Job Configuration on Iron.io
Inspect: Background jobs can have a tendency to fall to the back of mind (no pun intended). While the underlying system is maintenance-free, your code is still being executed, so you should have insight into its activity by monitoring status and performance in real-time and after the fact.
The Result of a Job on Iron.io
Even though the end-to-end operations are abstracted away from the developers, it’s still worth knowing what’s happening behind the scenes. When an event triggers an Iron.io job, the following process takes place:
- Queue Job: The job is posted to a message queue, which acts as the temporary store, holding the job in a persisted state until completed. The message includes the job metadata, runtime parameters, and any payload data to be passed into the job process itself.
- Get Job: Worker nodes are continually monitoring queues for jobs. When capacity is available, the worker pops a job off the queue and pulls the associated Docker image from its registry if a cached version of the image isn’t already on the machine.
- Execute Process: The worker then runs the container with its given resource allocation. When the process is complete, the container is gracefully stopped and the resources are freed up for another job.
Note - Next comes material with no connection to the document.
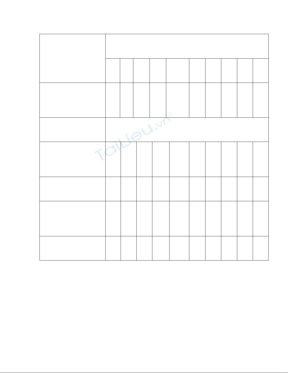 Chuẩn bị thang mẫu theo bảng sau:

- Capture Results: The container’s stdout/stderr logs are captured and delivered back to the system for dashboard display. If the process fails or timeouts, the job is placed back in the queue where it can be retried or canceled.
It’s Not Quite NoOps
What this trend truly represents is the continued importance around developer empowerment, so that businesses can keep pace with the ever-changing world around them. Serverless computing doesn’t remove the need for infrastructure or operations, but it does keep it out of mind. Fire away.